I will begin with a look at the overall design of nature in distinction from the design of man. Then I will deal with man’s relationship with nature through the exercise of his dominion. I will show you four very significant universal limitations on this dominion that doom all carnal dreams of rebellion against God.

Design of Nature. Old writers of centuries ago used to refer to nature as “dumb” and “brute” to distinguish its essential character from that of man. These writers did not use the word “dumb” like we do today, as a synonym for “stupid”. “Dumb” used to refer to the inability to speak thoughts through language, i.e., speechlessness. “Brute” meant without ability to know. These writers, we shall see, were nearer to the truth than they knew.

Whereas Adam could not find a speech-laden, personal relationship with any part of nature, he could and did receive revelation about God from nature. Natural (or general) revelation is spoken of everywhere in the Bible (e.g., Job 38-41; Psa. 19:1-6; Acts 14:17; Rom. 1:18-20). The creation is said to “glorify” its Creator. But if nature doesn’t personally speak to us, if it is “dumb”, then how can we learn about God from it? How, without language, can information be transferred from nature to our minds? How does nature “glorify” God?

Nature contains patterns and forms that we recognize as products of a thinking, speaking, spirit-mind, similar to our own. It is precisely the meaning of these patterns and forms that modern paganism (in its evolutionary form) denies by ascribing them to chance.

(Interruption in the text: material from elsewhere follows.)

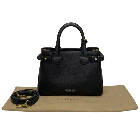 Bolsa Burberry Banner confeccionada em couro na cor preta. O modelo de tamanho pequeno traz laterais em tecido estampado com xadrez típico da marca. Possui alça dupla de mão estruturada, alça longa ajustável e removível por mosquetão, três compartimentos internos sendo o central com fecho em zíper, ferragens douradas e fecho por botão magnético.

Pilkey notes: “The whole point of the Creationist-Darwinian debate is whether the leonine form, for example, originated as a perfect idea in the mind of God or as a casual exercise in feline development. . . .The evolutionary philosophy begins to lose its appeal the instant that a mind begins to suspect that certain visible forms have eternal value.[8] The form and behavior of a lamb, for example, instead of being the accidental outcome of chance-driven mutations and natural selection, was purposefully designed to communicate redemptive knowledge to man (note its appearance on the Throne of God in Rev. 5).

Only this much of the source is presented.